Une des décisions que Perrin avait prises sur le chemin du camp. Quelle que soit la menace, il avait déjà trop tardé. Les Aiels renégats avaient trop d’avance, et s’ils s’étaient dirigés ailleurs que vers le sud ou l’ouest, quelqu’un serait déjà revenu avec cette information. À l’heure qu’il était, ils devaient s’attendre à ce que Perrin les suive.
— Nous chevaucherons jusqu’à ce que j’aie une idée plus précise de notre destination. Après, Grady et Neald nous feront gagner du temps avec un portail. Dannil, envoie des messagers à Berelain et à Arganda. Je veux que leurs forces lèvent le camp aussi. Il nous faudra des éclaireurs et une protection sur chaque flanc. Dis à ces hommes de ne pas se focaliser sur les Aiels, parce que d’autres ennemis pourraient avoir l’intention de nous massacrer. Je ne veux pas tomber dans un piège. Demande aussi aux Matriarches de rester près de nous.

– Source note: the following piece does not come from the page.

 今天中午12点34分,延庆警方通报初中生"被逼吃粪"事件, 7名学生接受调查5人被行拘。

Malgré ses ordres, Arganda était bien fichu d’essayer de soumettre ces femmes à la question. Et si elles tuaient un de ses soldats en se défendant, il serait capable de ne plus en faire qu’à sa tête, serment d’allégeance ou pas. Or, Perrin aurait parié qu’il lui faudrait bientôt tous les combattants dont il pouvait disposer…
— Sois très ferme, sans pour autant les vexer.

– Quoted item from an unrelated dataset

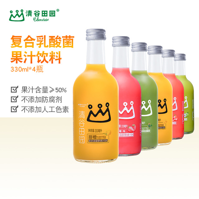 清谷田园 Edenview 复合乳酸菌果汁饮料330ml 4瓶装 多种口味可选(芒果味)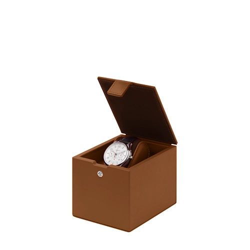 Cette très élégante boîte est la protection idéale pour votre montre de précision. Fabriqué autour d'une structure en bois habilement gainée de cuir authentique, ce coffret pour une montre de luxe possède un coussin amovible. Cet écrin pour une montre est muni d’une fermeture à bouton-pression pour une sécurité accrue. Ce boîtier montre raffiné peut être personnalisé avec une belle gravure et est disponible dans un fantastique éventail de couleurs.

Dannil n’avait pas bronché sous cette avalanche d’ordres. Le dernier lui arracha pourtant une grimace. Autant essayer d’être ferme avec le Cercle des Femmes de Champ d’Emond…

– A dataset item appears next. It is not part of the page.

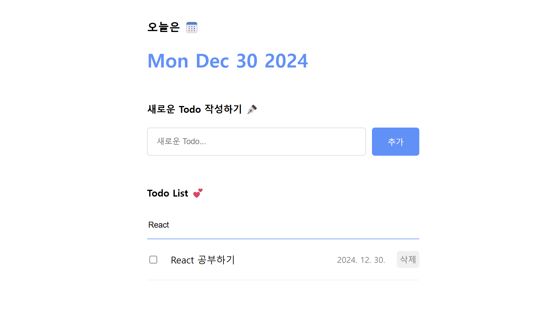 여기까지 할 일 관리 앱을 모두 완성하였다. 그러나 앞에서 잠깐 언급하였던 Props Drilling, 최적화 문제, 분리되지 않은 상태 관리 등 리액트 서비스와 관련해 알아야 할 내용들이 더 있다. 이 개념들은 다음 과정에서 더 자세히 다룰 것이다.

— À tes ordres, seigneur Perrin, dit-il avec un petit salut.
Puis il sauta en selle et commença à distribuer ses instructions.
Entouré d’hommes qui enfourchaient leur monture, Perrin tira sur la manche de Kenly Maerin, un jeune gars qui n’avait encore qu’un pied dans un étrier. Quand il lui eut demandé d’aller faire seller Marcheur puis de le lui amener, Kenly sourit et salua avec ardeur.
— À tes ordres, seigneur Perrin. Je me dépêche !
Perrin soupira intérieurement pendant que le jeune type filait vers les piquets des chevaux, tirant son hongre marron par la bride. Si c’était pour la gratter tout le temps, ce jeunot n’aurait pas dû se laisser pousser la barbe. De toute façon, elle était minable.
En attendant sa monture, Perrin se rapprocha des flammes. Faile l’avait averti qu’il devrait s’habituer aux « seigneur Perrin », aux saluts et aux courbettes. En général, il n’y faisait plus attention, mais aujourd’hui, ça le déprimait. Un fossé se creusait entre ses anciens amis et lui, et il semblait être le seul à vouloir le combler.
Basel Gill le trouva en train de se réchauffer les mains et de ronchonner dans sa barbe.
— Navré de te déranger, seigneur, dit-il en s’inclinant.
L’espace d’une seconde, il retira son chapeau, révélant un crâne presque chauve, puis le remit pour se protéger de la neige. Citadin endurci, il craignait le froid.
Ce gros bonhomme n’était pas obséquieux – peu d’aubergistes de Caemlyn donnaient dans ce registre – mais il appréciait le protocole. Du coup, il s’était assez adapté à son nouveau travail pour satisfaire Faile.
— C’est le jeune Tallanvor… Dès l’aube, il a sellé son cheval et il est parti. Il prétend que tu lui en as donné l’autorisation si les groupes de recherche n’étaient pas revenus à ce moment-là. Je m’interroge, parce qu’on n’a laissé sortir personne d’autre.
L’imbécile ! Même s’il n’avait jamais été prolixe sur son passé, Tallanvor présentait toutes les caractéristiques d’un soldat expérimenté, mais seul contre des Aiels, il était un lièvre parti à la chasse aux hyènes.